In un’altra intervista, questa con Giovanni Grazzini, diceva: «Le radici da cui sono nati Gelsomina e Zampanò e la loro storia pescano in una zona profonda e oscura, costellata di sensi di colpa, timori, struggenti nostalgie per una moralità più compiuta, rimpianto per un’innocenza tradita». E a proposito dell’innocenza: «Davanti a un innocente mi arrendo subito e mi giudico pesantemente. I bambini, gli animali, gli sguardi con cui ti fissano certi cani, l’estrema modestia che certe volte ravviso nei desideri della gente umile, ha il potere di turbarmi».

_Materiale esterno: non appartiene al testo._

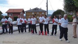 El XII Memorial Paco Cuesta se celebró el domingo día 23 de agosto en la bolera La Quintana de Cortiguera. Buena tarde de bolos y fiesta, con premios entregados por la familia de Francisco Cuesta y exhibición de deportes autóctonos y gran barbacoa final. En lo deportivo, jugaron un primer concurso las peñas: la P.B. La Grúa de Piedra (271 bolos) y P.B. Santillana Mesón El Pradón (296 bolos), P.B. Cortiguera Posada Santa Ana (300 bolos) y Bar Cuesta (286 bolos). En la final, la P.B. Santillana Mesón El Pradón ganó a 3 chicos hechos por 3-1 a P.B. Cortiguera Posada Santa Ana, y se proclama Campeona por primera vez. Fotos del XII Memorial Paco Cuesta en Cortiguera celebrado el día 23 de agosto |
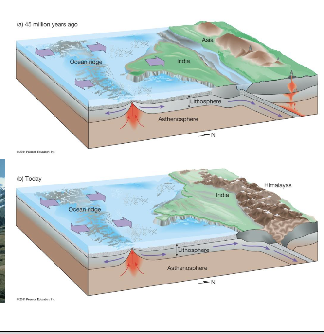 If granite and granite smash into each other, you will have high mountain chains, tall/uplifted mountains: Himalayan (still growing)
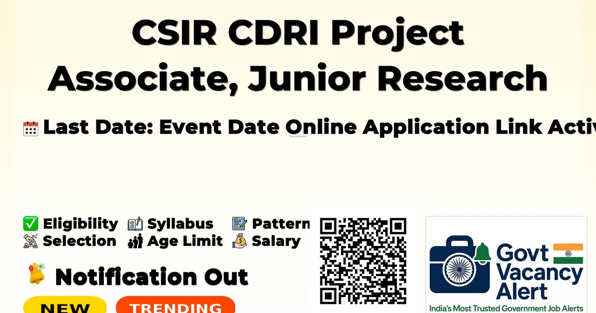 Central Drug Research Institute (CSIR CDRI) has released an official notification for the recruitment of 09 Project Associate, Junior Research Fellow Posts. Interested and eligible candidates can apply Online through the official CSIR CDRI website. The last date to submit the application form is 14-12-2025. In this article, you’ll find the CSIR CDRI Project Associate, Junior Research Fellow Posts recruitment details, including eligibility criteria, age limit, salary structure, selection process, application steps, and direct links to the official notification and Online application form. Join Arattai Channel Trending Govt Jobs RRB NTPC 12TH Level Online Form 2025 3058 Post Intelligence Bureau (IB) 362 MTS Online Form 2025 RRB 2569 JE (Junior Engineer) Online Form 2025 KVS and NVS 14967 Teaching and Non Teaching Online Form 2025 AIIMS 1383 CRE Online Form 2025 Advertisement The engagement is for purely temporary project positions at CSIR - Central Drug Research Institute, Lucknow under Advertisement No. 17/2025 for various projects in Chemical Sciences and Life Sciences areas. Project Associate (PAT-I) / Project Associate-I (Chemical Sciences – Online/Walk-in): Master Degree/M.Pharm in Chemical Sciences/Pharmaceutical Chemistry OR M.Sc. in Chemical Sciences/Pharmaceutical Chemistry/Medicinal Chemistry, with CSIR-UGC/ICAR/ICMR NET (including lectureship/assistant professorship) or GATE or equivalent national level qualification as specified for certain posts. Junior Research Fellow (Project): Master’s degree in Chemistry/Chemical Sciences/Pharmaceutical Chemistry and qualified National Eligibility Tests such as CSIR-UGC NET (including lectureship/Assistant Professorship) or GATE or equivalent national level examinations conducted by Central Government Departments and their Agencies/Institutions. Project Associate (Life Sciences area): M.Sc. in Zoology/Biotechnology/Biochemistry/Life Sciences with minimum 70% marks or 7.0 CGPA in M.Sc., or Postgraduate degree in Life Sciences and qualified CSIR-UGC/ICAR/ICMR NET (including lectureship/assistant professorship) or GATE or equivalent. Project Assistant: B.Sc. in Life Sciences with laboratory experience in cell and animal handling. Advertisement No. 17/2025 includes positions under Part-I (Online Mode Interview) and Part-II (Walk-In-Interview) across Chemical Sciences and Life Sciences projects. Part-I – Online Mode Interview: Position Code 001: Project Associate (PAT-I) – 01 Position Position Code 002: Project Associate-I – 01 Position Part-II – Walk-In-Interview: Position Code 001: Project Associate (PAT-I) – 01 Position (Chemical Sciences) Position Code 002: Project Associate (PAT-I) – 01 Position (Chemical/Pharmaceutical Chemistry) Position Code 003: Junior Research Fellow (Project) – 01 Position Position Code 004: Project Associate (PAT-I) – 01 Position (Life Sciences – Biotechnology/Biochemistry/Biological Sciences) Position Code 005: Project Associate (PAT-I) – 01 Position (Life Sciences) Position Code 006: Project Associate (PAT-I) – 01 Position (Life Sciences with NET/GATE etc.) Position Code 007: Project Assistant – 01 Position (Life Sciences) Project Associate (PAT-I) / Project Associate-I: Upper age limit 35 years. Junior Research Fellow (Project): Upper age limit 28 years. Project Assistant: Upper age limit 50 years. Age Relaxation: SC/ST/PwBD/Women – 5 years; OBC – 3 years, or as per Government of India instructions. Age Calculation (Online mode): Age will be reckoned as on the last date of submission of online application. Age Calculation (Walk-in): For walk-in positions, determining date for age/qualification and experience shall be the date of interview. Project Associate (PAT-I) – Online Mode, Position Code 001: Rs. 31,000 + 20% HRA per month. Project Associate-I – Online Mode, Position Code 002: Rs. 25,000 + 20% HRA per month. Project Associate (PAT-I) – Walk-in, Position Code 001, 002, 004, 005, 006: Rs. 25,000 + 20% HRA per month (except where Rs. 31,000 + 20% HRA is specified for Life Sciences post with NET/GATE etc.). Junior Research Fellow (Project) – Position Code 003: Rs. 37,000 + 20% HRA per month. Project Assistant – Position Code 007: Rs. 20,000 + 16% HRA per month. Screening Committee will shortlist candidates based on essential qualifications and additional criteria, if required. Shortlisted candidates for Part-I will be informed about date and mode of interview through email and list will be displayed on CDRI website. For Part-II (Walk-In-Interview), eligible candidates must report on the specified date and time at CSIR-CDRI, Lucknow. Written test in the subject area may be conducted on the same day, if required, to shortlist candidates for interview depending on the number of candidates. The interview may continue on subsequent days; candidates must make their own arrangements accordingly. No TA/DA will be paid for attending the interview. Final selection is subject to verification of original documents; any discrepancy will lead to automatic cancellation of selection. Part-I – Online Mode: Candidates must apply through the online application link activated from 01.12.2025 (5:00 PM) up to 14.12.2025. Applicants should ensure that they meet all essential qualifications and other conditions as on the last date of submission. Applications submitted after the scheduled date and time will be rejected. The online application must include complete details of qualifications and experience beyond minimum essential criteria, with supporting documents. Candidates with CGPA/SGPA/OGPA must convert it to percentage as per university formula and attach proof. Part-II – Walk-In-Interview: Eligible candidates should report for Walk-in-Interview for position codes 001–003 (Chemical Sciences) and 004–007 (Life Sciences) on 08.12.2025 from 09:00 AM onwards at CSIR-CDRI, Sector 10, Jankipuram Extension, Sitapur Road, Lucknow – 226031. Candidates reporting after 10:00 AM will not 
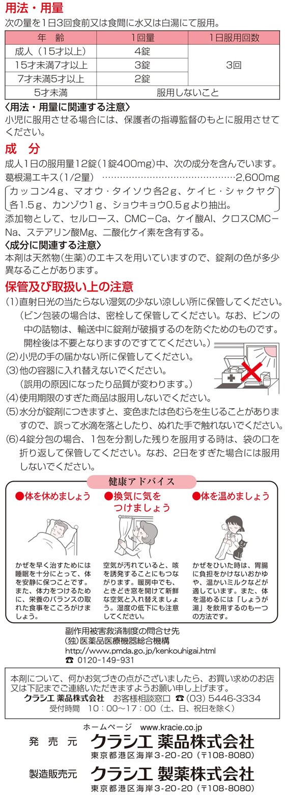 クラシエ薬品 kracie くらしえ かっこんとう カッコントウ 漢方 漢方薬 漢方製剤 風邪薬 かぜ薬 感冒薬 錠剤 1本 240錠 【第二類医薬品】 お薬 おくすり ドラッグ 5歳以上 さむけ
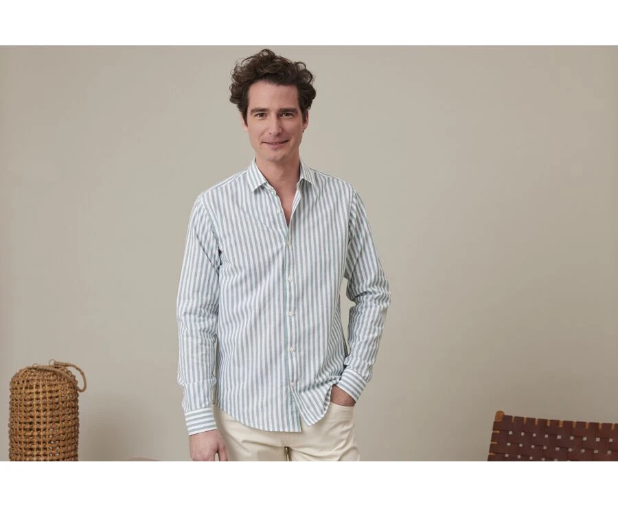 Chemise homme manches longues Simonin – Chemise coton/lin – Coupe ajustée – Col français
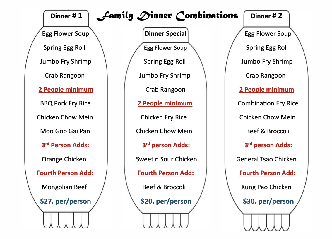 To make the best family combination meal, we have the; Family Dinner Combo #3. For this third combination which currently retails for $30. Per person, as of April 2026, with a minimum order of 2 two diners, receive all the appetizers and soup as with the first and second Combination, which includes: Egg drop soup, Spring Egg Roll, Fry Shrimps served with homemade sweet n sour sauce, and Chinese Hot-Mustard, all this is followed by Chicken Chow Mein, Combination Fried Rice, and Beef Broccoli Certified Angus.

Questa «zona dell’infanzia» è il punto di partenza di alcune ispirazioni fondamentali del cinema di Fellini. Solo che queste ispirazioni, queste intuizioni, questa fedeltà all’immagine dell’infanzia, cambiano nel corso della vita di Fellini come cambiano nel corso della vita di ognuno. Diceva il grande Witold Gombrowicz in Ferdydurke che «siamo tutti foderati di infanzia», l’infanzia ci perseguita e in qualche modo ci definisce, ci chiude ma anche ci apre, ci indica delle possibilità (o dei sogni).
Lo spostamento, la vera rottura in questo ordine, il vero accesso alla maturità, è stato per Fellini il ritorno a un altro tipo di infanzia, a un altro tipo di fantastico, di mondo immaginario che non era più quello esteriore, immediato, della fiaba o del fumetto bensì qualcosa di molto più intimo: «Ho spostato», ha detto in un’altra intervista, «il mio punto di vista senza deludermi nell’ansia di vedere in maniera fantastica i paesaggi del mondo magico. Ho cambiato orizzonte, mi sono messo da un’altra parte guardando queste cose non come a un mondo sconosciuto fuori di me ma come a un mondo dentro di me». Rivendicò questo salto fondamentale nella sua opera, che poi è il salto di Otto e mezzo, attribuendolo all’influenza avuta su di lui da Bernhard, il grande psicoanalista junghiano. Fellini ha detto più volte, e me lo ha ripetuto, che la lettura di Jung, soprattutto di Sogni, memorie e riflessioni, era stata per lui fondamentale, insieme a quella di Pinocchio, e che il libro di Jung era il libro a cui era tornato più spesso e che più aveva influito sulla sua esistenza. (E fu lui a farmelo conoscere, regalandomi una copia dell’edizione economica. Due altri libri ho avuto da lui in regalo, entrambi di Jane Roberts: Le comunicazioni di Seth e Un libro di Seth. La vostra realtà quotidiana, le conversazioni registrate di una medium americana degli inizi del Novecento con uno spirito egizio di non so più quale dinastia!).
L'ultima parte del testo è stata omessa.